Research Paper Volume 13, Issue 5 pp 6442—6458

Male-specific age estimation based on Y-chromosomal DNA methylation

Athina Vidaki1, , Diego Montiel González1, , Benjamin Planterose Jiménez1, , Manfred Kayser1, ,

  • 1 Department of Genetic Identification, Erasmus University Medical Center Rotterdam, Rotterdam 3000, CA, The Netherlands

Received: March 25, 2020       Accepted: February 25, 2021       Published: March 11, 2021
How to Cite

Copyright: © 2021 Vidaki et al. This is an open access article distributed under the terms of the Creative Commons Attribution License (CC BY 3.0), which permits unrestricted use, distribution, and reproduction in any medium, provided the original author and source are credited.

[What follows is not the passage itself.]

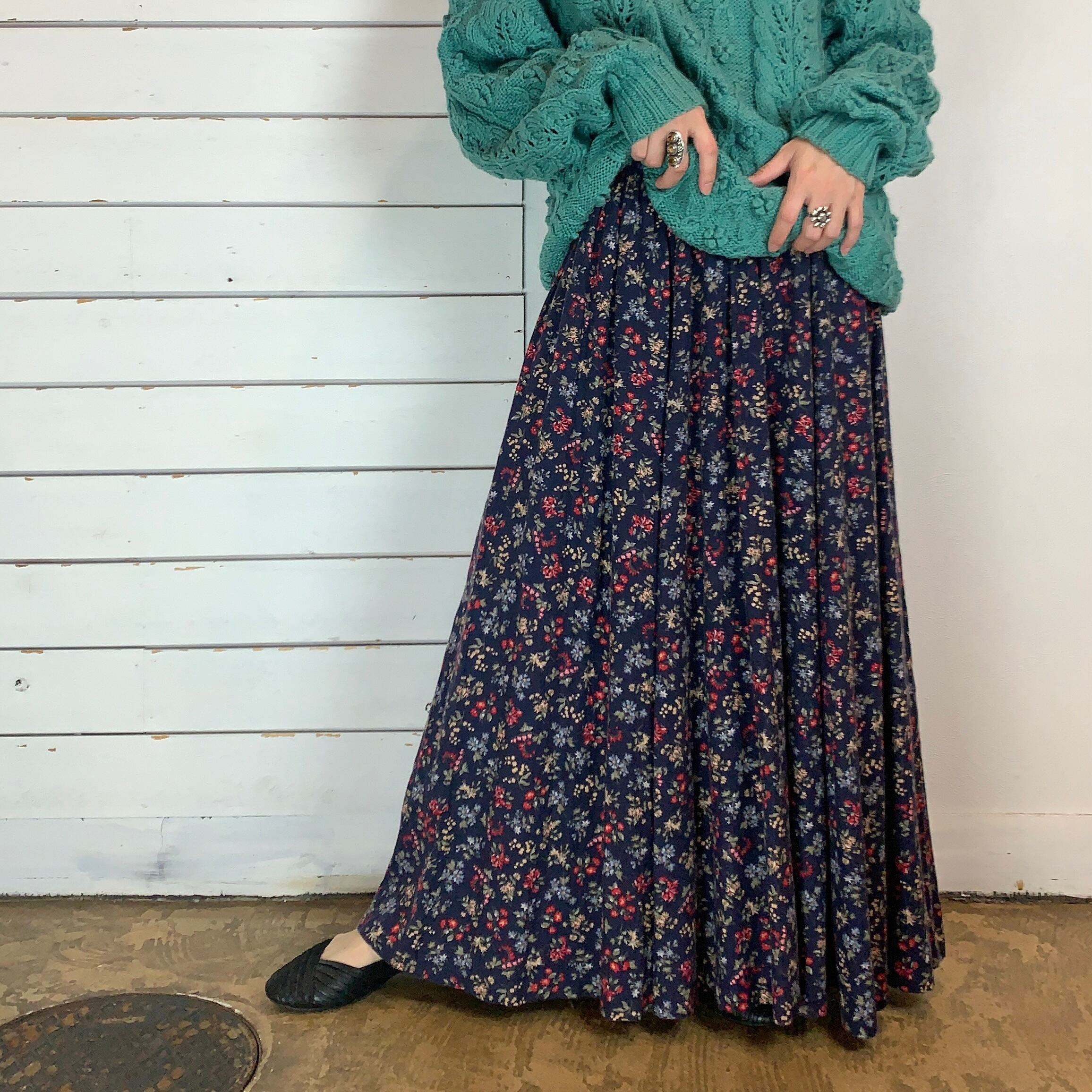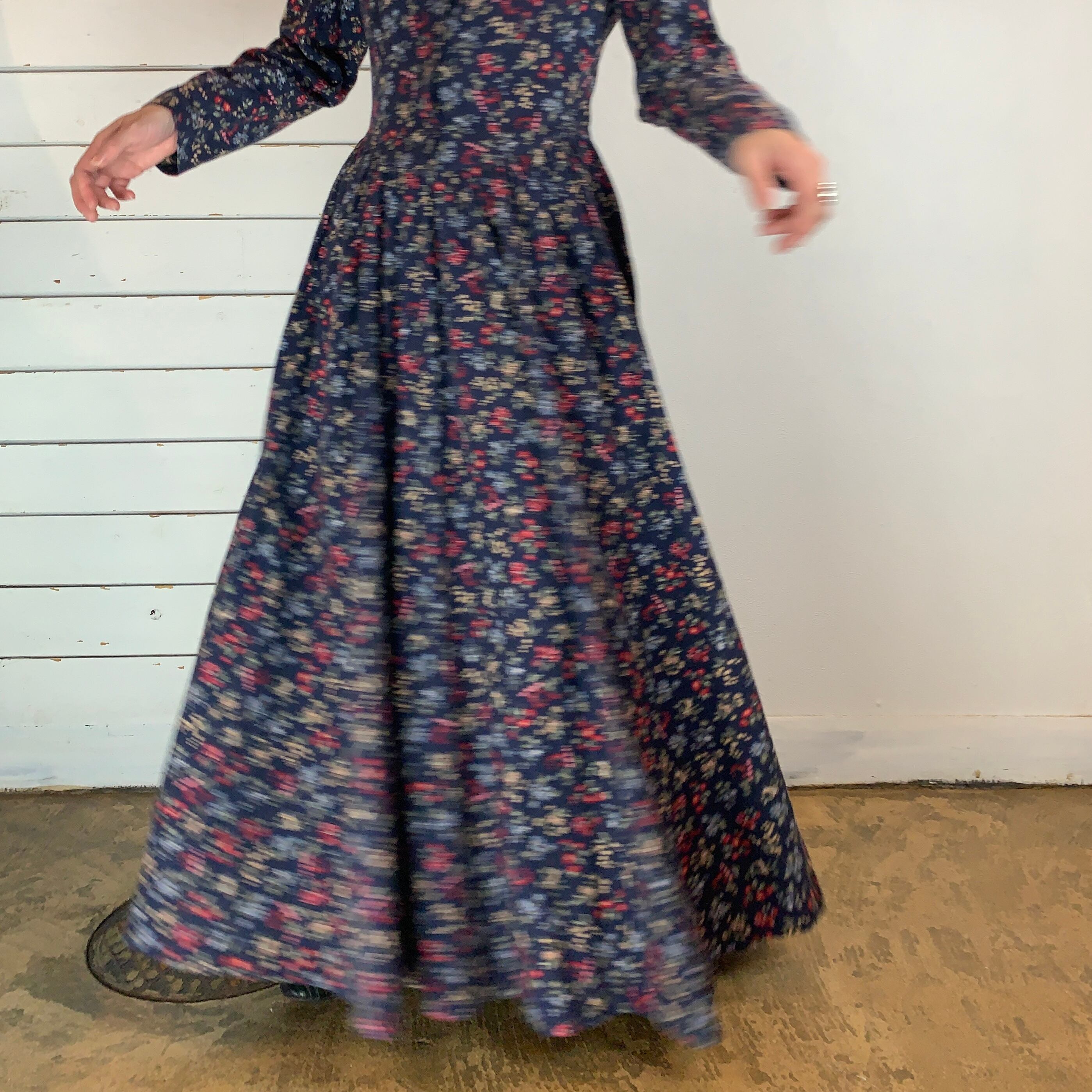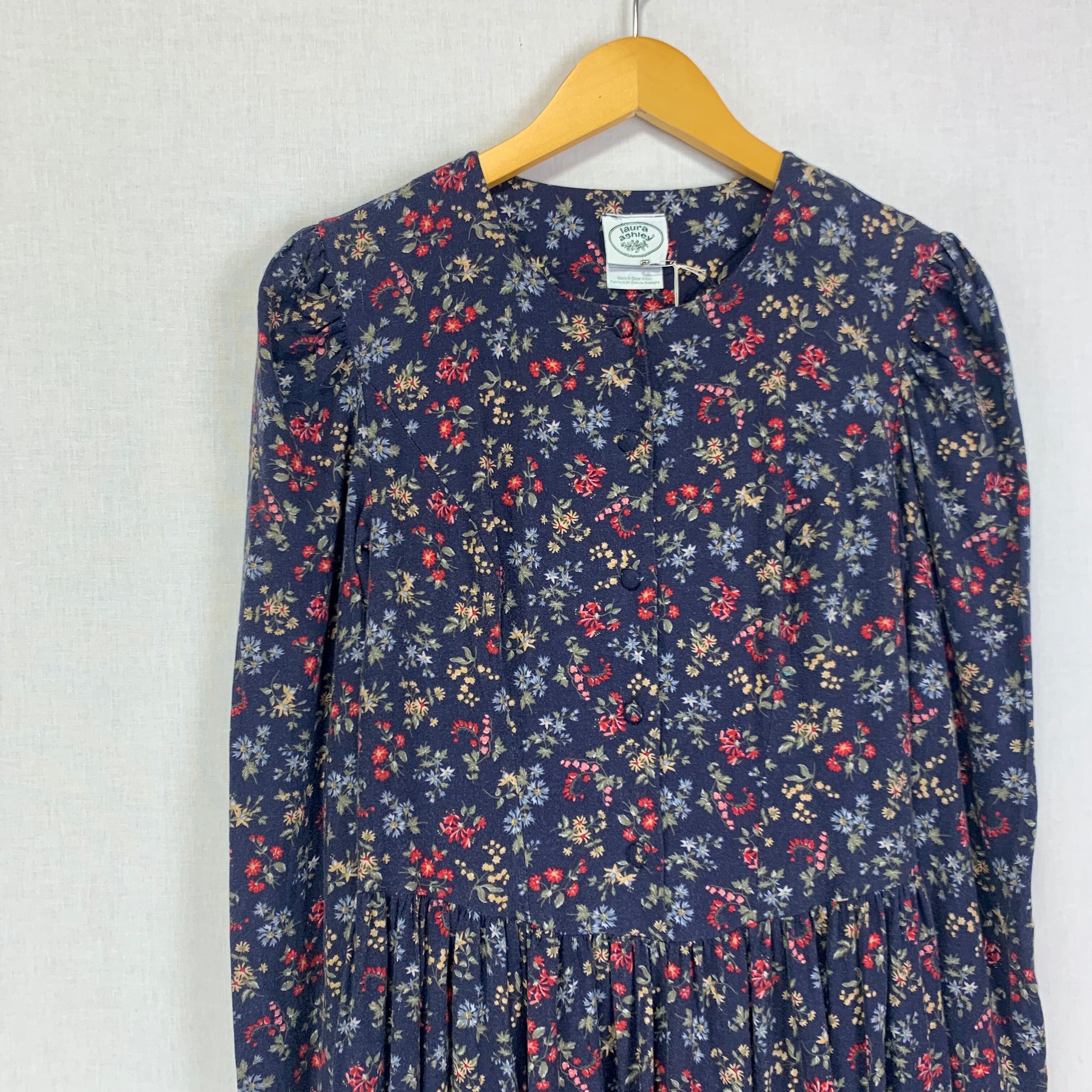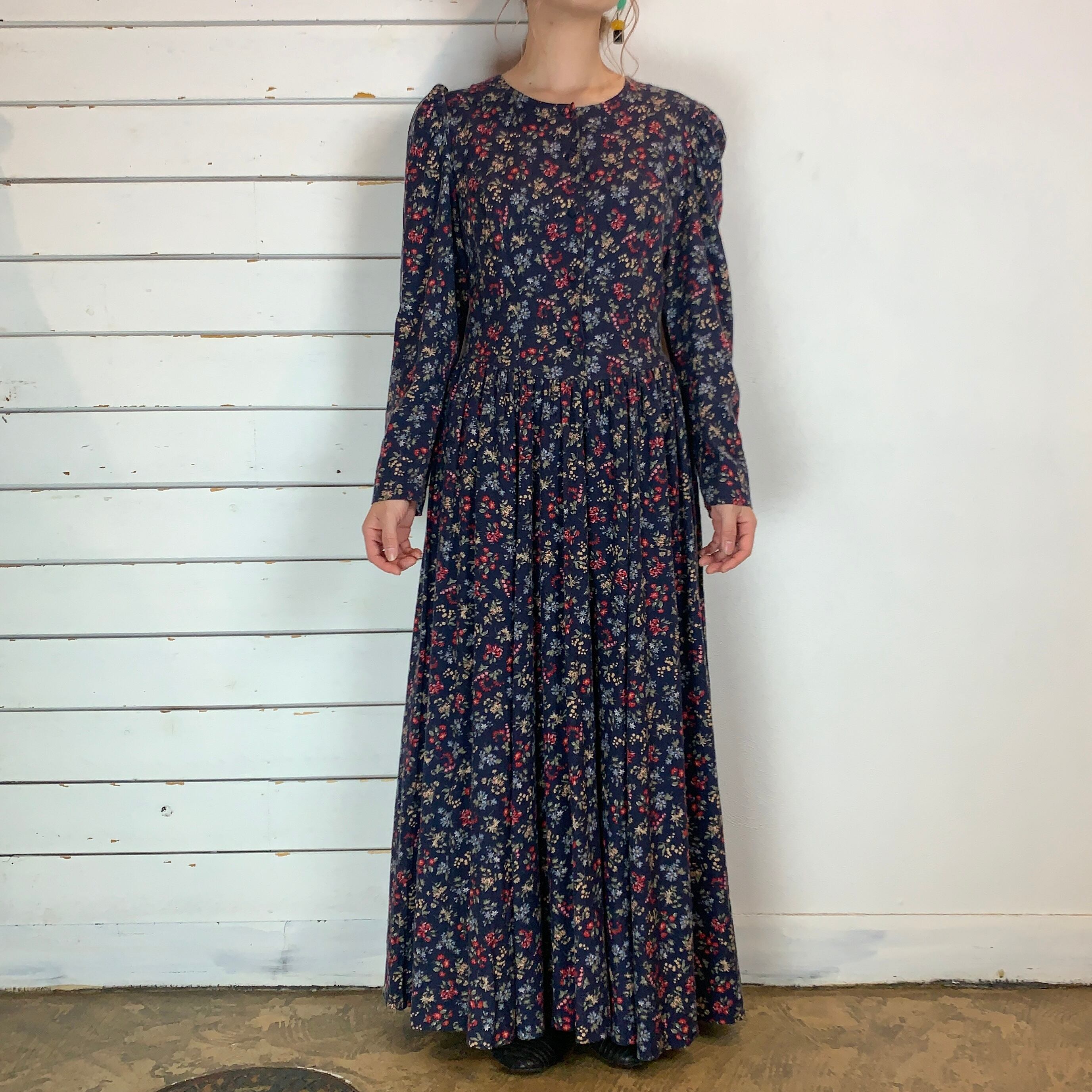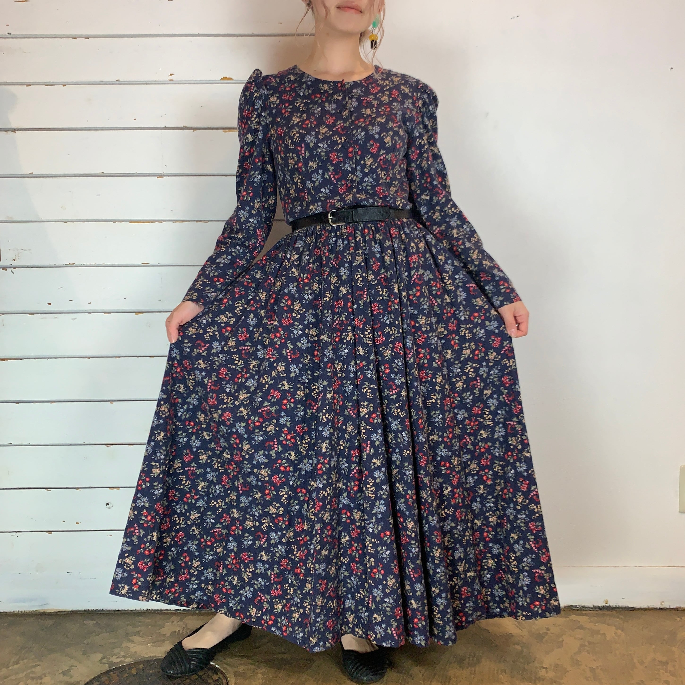 ネイビーにガーリーな花柄のローラアシュレイワンピース

Although DNA methylation variation of autosomal CpGs provides robust age predictive biomarkers, no male-specific age predictor exists based on Y-CpGs yet. Since sex chromosomes play an important role in aging, a Y-chromosome-based age predictor would allow studying male-specific aging effects and would also be useful in forensics. Here, we used blood-based DNA methylation microarray data of 1,057 males from six cohorts aged 15-87 and identified 75 Y-CpGs with an interquartile range of ≥0.1. Of these, 22 and six were significantly hyper- and hypomethylated with age (p(cor)<0.05, Bonferroni), respectively. Amongst several machine learning algorithms, a model based on support vector machines with radial kernel performed best in male-specific age prediction. We achieved a mean absolute deviation (MAD) between true and predicted age of 7.54 years (cor=0.81, validation) when using all 75 Y-CpGs, and a MAD of 8.46 years (cor=0.73, validation) based on the most predictive 19 Y-CpGs. The accuracies of both age predictors did not worsen with increased age, in contrast to autosomal CpG-based age predictors that are known to predict age with reduced accuracy in the elderly. Overall, we introduce the first-of-its-kind male-specific epigenetic age predictor for future applications in aging research and forensics.


BIC: Bayesian information criterion; BMIQ: beta mixture quantile; CpG: cytosine-phosphate-guanine site; CV: cross-validation; DNA: Deoxyribonucleic acid; DNAm: DNA methylation age (Horvath clock); EWAS: epigenome-wide association study; FDP: forensic DNA phenotyping; GEO: Gene Expression Omnibus database; HIV: human immunodeficiency viruses; IGV: integrative genomics viewer; IQR: inter-quantile range; MAD: mean absolute deviation; MLR: multiple linear regression; MSE: mean square error; OLS: ordinary least squares; oob: out-of-band; QC: quality control; RELIC: regression on logarithm of internal control probes; RFR: random forest regression; RMSE: root mean square error; RSS: residual sum of squares; SNP: single nucleotide polymorphism; SVM: support vector machine; Y-CpG: Y-chromosome-located CpG.